Railway station in Casaleggio Novara, Italy

Casaleggio railway station (Stazione di Casaleggio) is the train station serving the comune of Casaleggio, in the Piedmont region of northwestern Italy. It serves as the junction of the Biella–Novara.

The station is currently managed by Rete Ferroviaria Italiana (RFI). However, the passenger building is private residence. Train services are operated by Trenitalia.

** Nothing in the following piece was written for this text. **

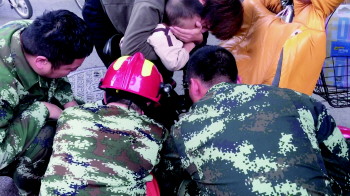 救援人员到达现场了解情况后得知,被困小孩是一名3岁男孩,在乘坐电动车后座时,双脚晃来晃去,导致脚被卡在车轮架与后轮缝隙处。若直接将小孩的脚从缝隙拔出,稍有不慎将带来二次伤害。根据现场情况,消防员立即开展救援。首先用衣物将小孩脚部包住,防止在救援过程中对小男孩脚部造成伤害,再利用无齿锯将电动车后轮车轴锯开,同时配合其家长稳定被困小孩的情绪,避免小孩情绪不稳增加救援难度。经过5分钟左右的紧急救援,男孩被卡住的脚成功脱困,随后被送往医院。

Each of these companies is a subsidiary of Ferrovie dello Stato (FS), Italy's state-owned rail company.

==History==
The station was opened on 18 May 1939 along with the rest of the line, but did not become operational until 20 July 1940 because of the need to complete several systems and a lack of rolling stock.

From 21 January 1961, in advance to the end of the concession to the "Società Ferrovia Biella-Novara (SFBN)" company, the management of the railway line passed to the state and the exercise of the stations was assumed by Ferrovie dello Stato.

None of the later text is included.